Louise: Hasumi is in his first year at university. There is a mention of Kantarou's hobby, only Hasumi doesn't know about it.


	3. torn up

Thanks, disclaimers and warnings in Part 1.  
**

* * *

A kinder fortune**

Part 3: torn up

_Ryoukan used to be afraid of a certain bridge – really an old log – that spanned a small stream. It smelt wet and musty, and there were spiders and wood lice in the holes, while softer parts of the decaying wood sometimes gave way and threatened to trap an unwary foot, but it wasn't that he was afraid he would be trapped in the woods when it was so close to the orphanage. Rather, he only had an unreasoning fear of this ordinary sunlit clearing, as if he knew that something lurked in the dim shadows beneath, waiting for him to cross alone. _

_Then one day, she called to him from the other side and as he hurried across, saw that somehow it seemed brighter, less shadowed than he remembered. She was laughing when he reached her. There was nothing to fear, and he abandoned his childish trepidations. The bridge never troubled him again._

In the morning, Tanaka is almost back to his usual self, if a little red-eyed and restless. Hasumi is even slower and clumsier than usual, so much so that the fifth time he trips over his own bag while packing, Tanaka snatches it from his hands.

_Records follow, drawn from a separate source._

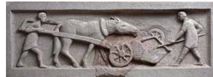
oben: 3. Stopp, mittelneolithische Siedlung und römische Villa rustica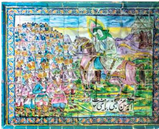
تصویر ۱۹. آمدن زعفرجی به یاری حضرت، تکیه معاون الملک، ۹۶/۸/۱۵.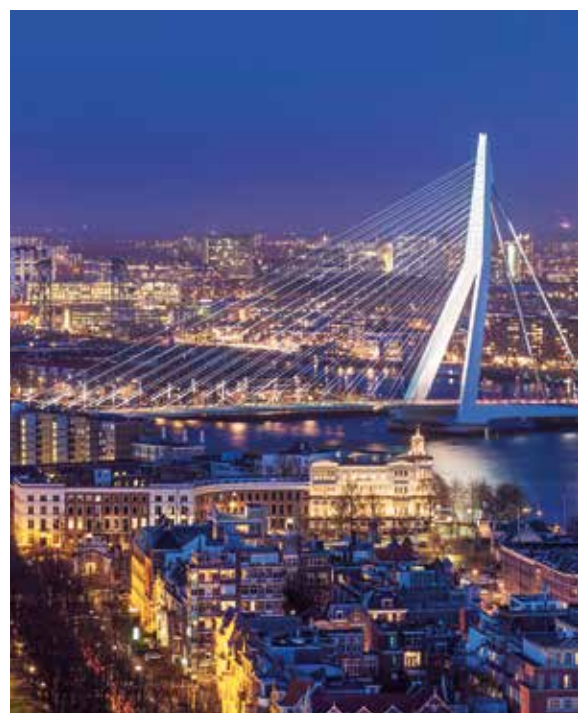
Blick über Rotterdam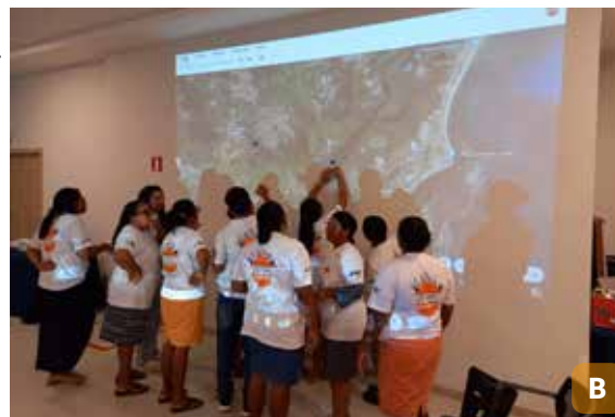
Figura 13. Capacitações para a Amas e a Acqes.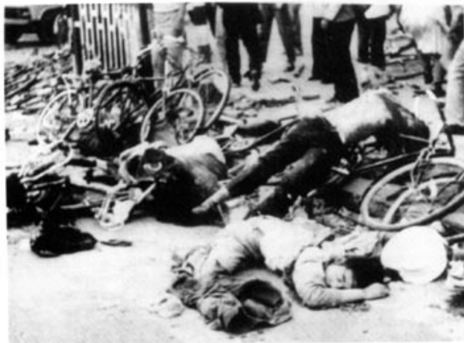
En scen från Himmelska fridens torg den 4 juni 1989...

Fyra flickor, alla under 16, blev torterade för "promiskuöst leverne". De blev inte frisläppta förrän deras familjer betalade 5.000 Yuan (cirka 3.800kr) i böter. I Tibet blev en trettonårig pojke slagen och sparkad av ockupationsmaktens soldater för att ha sjungit tibetansk-nationalistiska sånger. Många fler exempel på övergrepp finns att läsa i den skrämmande

"Give me that before you kill yourself with it. I will save you from yourself, and you will buy me lunch in gratitude," he declares nobly. Hasumi thinks about it for a moment, then decides that he has no energy to argue debts and who owes who what now with Tanaka, and waves him to go on ahead. Tanaka frowns and presses the back of his hand to Hasumi's forehead. "Are you feeling all right?

Hasumi swats at him irritably. "I'm fine, leave me alone."

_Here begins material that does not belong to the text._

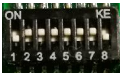
附 1: 地址码对照表

代码定义: 0--115200bps 1--9600bps 2--19200bps 3--38400bps

"You must be sick, you never agree to buy me lunch! Come on, I'll take you to the infirmary, get up." Tanaka drags Hasumi to his feet, and Hasumi hits him over the head with a notebook for his pains.

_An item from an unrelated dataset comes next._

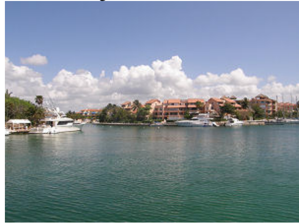
Hafeneinfahrt von Puerto Aventuras bei sehr ruhigem Wetter, im Hafen erinnert man sich an das Mittelmeer.

Plötzlich ist man in einer Südeuropäischen Atmosphäre, der Hafen Puerto Aventuras könnte auch irgendwo im Mittelmeer sein. Im Hafenbecken sind Moorings ausgelegt, an denen man mit dem Bug fest macht, mit dem Heck legt man an der Hafenmauer bzw. am Steg an. Der Hafen hat mehrere Finger und liegt mitten in einer großen und sehr gepflegten Wohnanlage, wobei zu sehr vielen Wohnungen auch ein eigener Bootsanleger gehört. Wir waren von dem Ambiente sofort sehr angetan zumal auch die Preise dort sehr moderat sind. Bei einem ersten Rundgang durch den weitläufigen Hafen entdeckten wir auch einen Italienischen Spezialitätenladen der täglich ab 09 Uhr frische und sehr gute Brötchen hat, nicht dieses weiche, weiße amerikanische Zeug. An den folgenden Tagen gab es somit immer frische Semmeln und Baguette zum Frühstück - was für ein Luxus nach 5 Monaten an Bord.

"I'm not sick! I never agreed to buy you lunch!"

Tanaka sticks his tongue out at Hasumi and skips away, holding up Hasumi's bag tauntingly. "You're not getting this back, you ingrate." Hasumi follows him with the notebook and uses its harder spine instead. "Hey, hey, stop that, you miser, ow!"

They continue tussling as they hurry down for the first lecture of the day, which they are already late for, and pass Ichinomiya with Yamada in the hallway. Tanaka does not notice, but Yamada, who is not in this class with them, looks up and smiles, then looks puzzled when Ichinomiya lets them pass without acknowledgement. Hasumi ducks his head, feeling unaccountably awkward about the nebulous dream of the night before, and there is a burning pain in his chest, as if sharp nails are digging into his flesh.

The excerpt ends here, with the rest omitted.